I’ve also considered using google spreadsheets with the googlesheets package, but most likely I won’t be able to due to GDPR (and ethical reasons).

Could some sort of SQL database be what I’m looking for? I have no knowledge of SQL, but if there’s an easy way to setup a report form interface (website with login) I think it might be worth learning the neccessary basics.

Summarised, for my field of research, the optimal workflow would look something like this:

Customisable, but simple data entry interface ->
Database (preferably local unless very secure and somehow approved within GDPR) with API to R ->
Import to R ->
Prewritten assertr script so I can hunt people down when they mess up

A SQL database with a web front-end could do what you’re looking for. I’ve done this in the past for a project that spanned several countries where partners often didn’t have mobile reception in the rice field. So they collected data and entered it in a portal when they were done. The database was Postgres as I recall. My PhD student wrote an R package to access the database and work with the data in R from there. I had to a full-stack web developer to build that for me and deploy it on Amazon Web Services. Security is definitely not something you want to second guess, so you need someone who knows what they’re doing in that area.

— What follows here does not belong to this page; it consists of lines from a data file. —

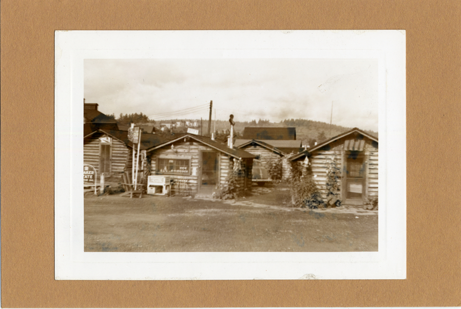 Close-packed rustic cabins. Handwritten on back: "Henry Ford's timber tract, Michigan, 1940."
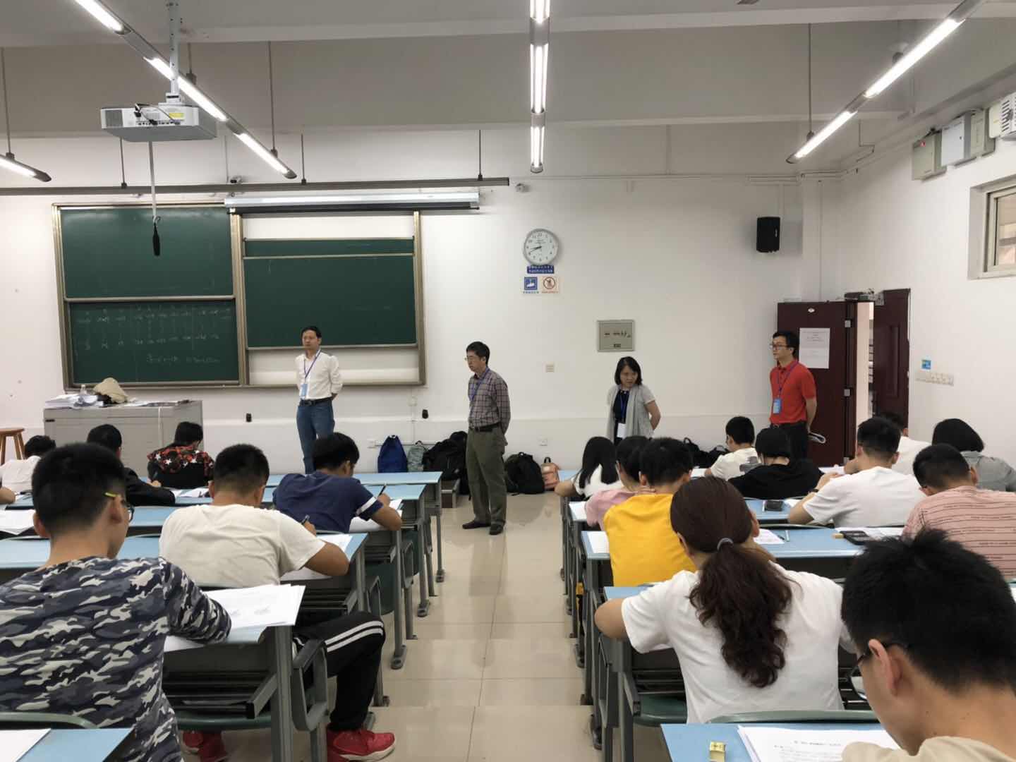 四川省力学学会理事长、365英国上市公司官网力学与工程学院院长康国政教授、365英国上市公司官网力学与工程学院党委书记栗民、副书记孔祥彬和副院长阚前华一起巡视了考场
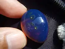 | Ambre dominicain, couleur bleue naturelle.40–25 Ma | |
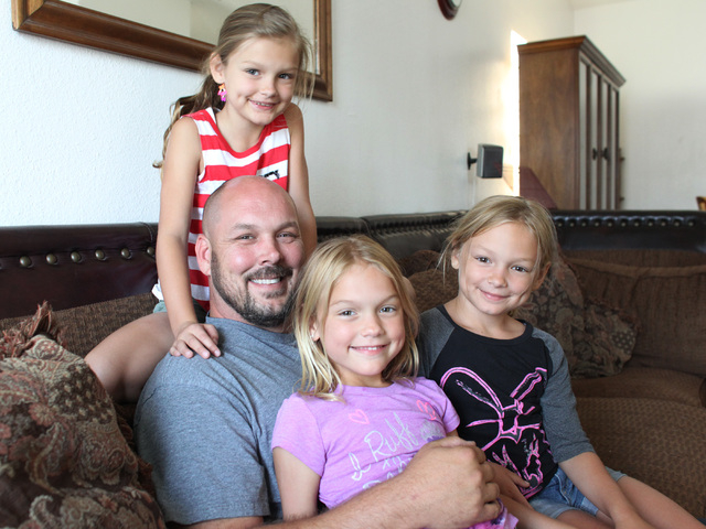 As Henderson resident Ronnie Hippert takes a seat on his couch, his daughters Gracie, 9, and 7-year-old twins Chloe and Madison, race to him like magnets, creating a dog pile of giggles and laughter across his lap.
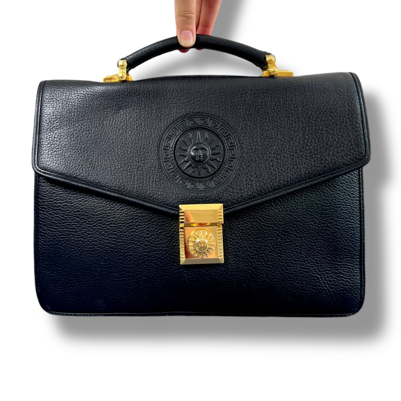 90's Gianni Versace Black Leather Medusa Briefcase with Gold Hardware
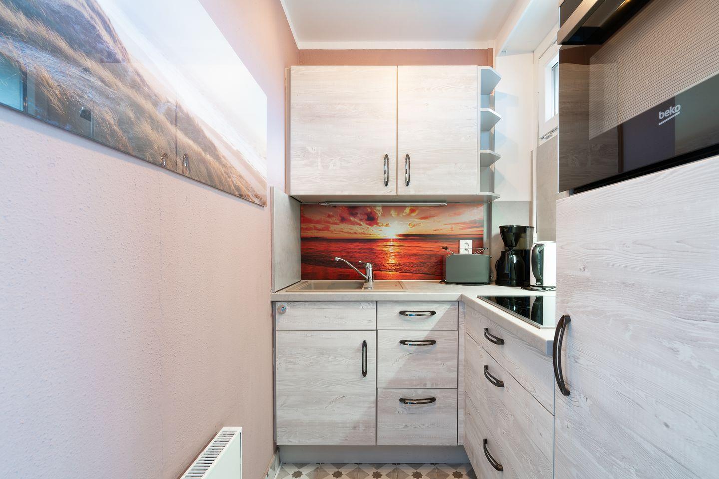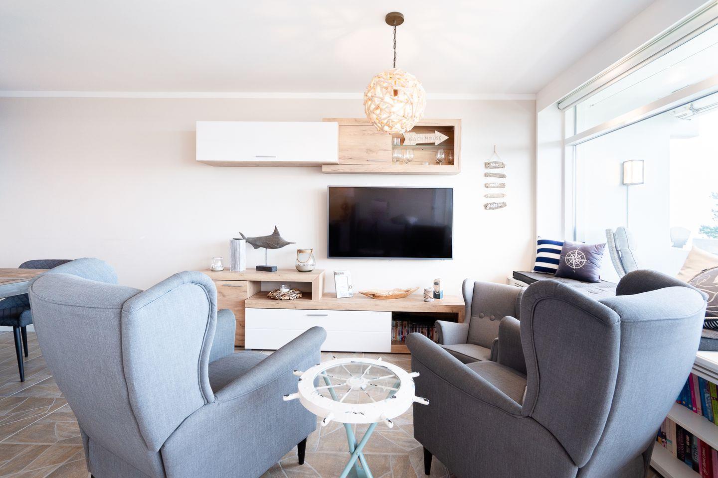 In 1. Reihe entdecken Sie hier Ihre Liebe zum Strand. Mit 55qm Wohnfläche ist Platz für bis zu 4 Personen. Das helle und maritim gestaltete Wohnzimmer bietet durch die großen Panoramafenster einen herrlichen Blick auf die Ostsee. Hier steht ein Boxspringbett direkt vor der großen Panoramascheibe. Im separaten Schlafraum mit TV befindet sich ein ausziehbares Einzelbett. Die kleine, abgetrennte Küche ist mit Backofen und Herd ausgestattet, das innenliegende Duschbad ist modern. WLAN ist inklusive.

Just adding to what Noam said, another option is Fulcrum, https://www.fulcrumapp.com/. I’ve used ODK for a large-countrywide project in the Philippines and am getting set up to use Fulcrum here in Oz. ODK is free, but as pointed out, you have to set up your own server and it only works on Android. Fulcrum does the server work for you and works on iOS and Android but you’ll pay for it. Currently I’m only setting up the forms to be used. Very flexible and easy to use. Data ends up in the typical wide format, but that’s easy to tidy up in R.

1 Like

I’d be really interested to see any example of someone making a data entry front-end to a database has a familiar spreadsheet-like interface with type restrictions along the lines of Airtable (or rowshare.com, which I just discovered). There are lots of form-based solutions out there, both self-hosted or otherwise, ODK-based or not, but in my experience they are never any good for bulk data entry. A big project I work on has a series of excel templates that can be uploaded and automatically ingested into a portal backed by an SQL database - this was implemented after many staff rebelled at the inefficiency of a form-based UI.

1 Like

I’m quite surprised there’s no catch all solution for this already. Surely there are lots of people doing bulk entry of data on a daily basis, they can’t all be using Excel? Feels like this could’ve been the perfect package: help you deploy a datebase and configure your frontend interface through some sort of rmarkdown/blogdown solution. If only I had the time, and skills…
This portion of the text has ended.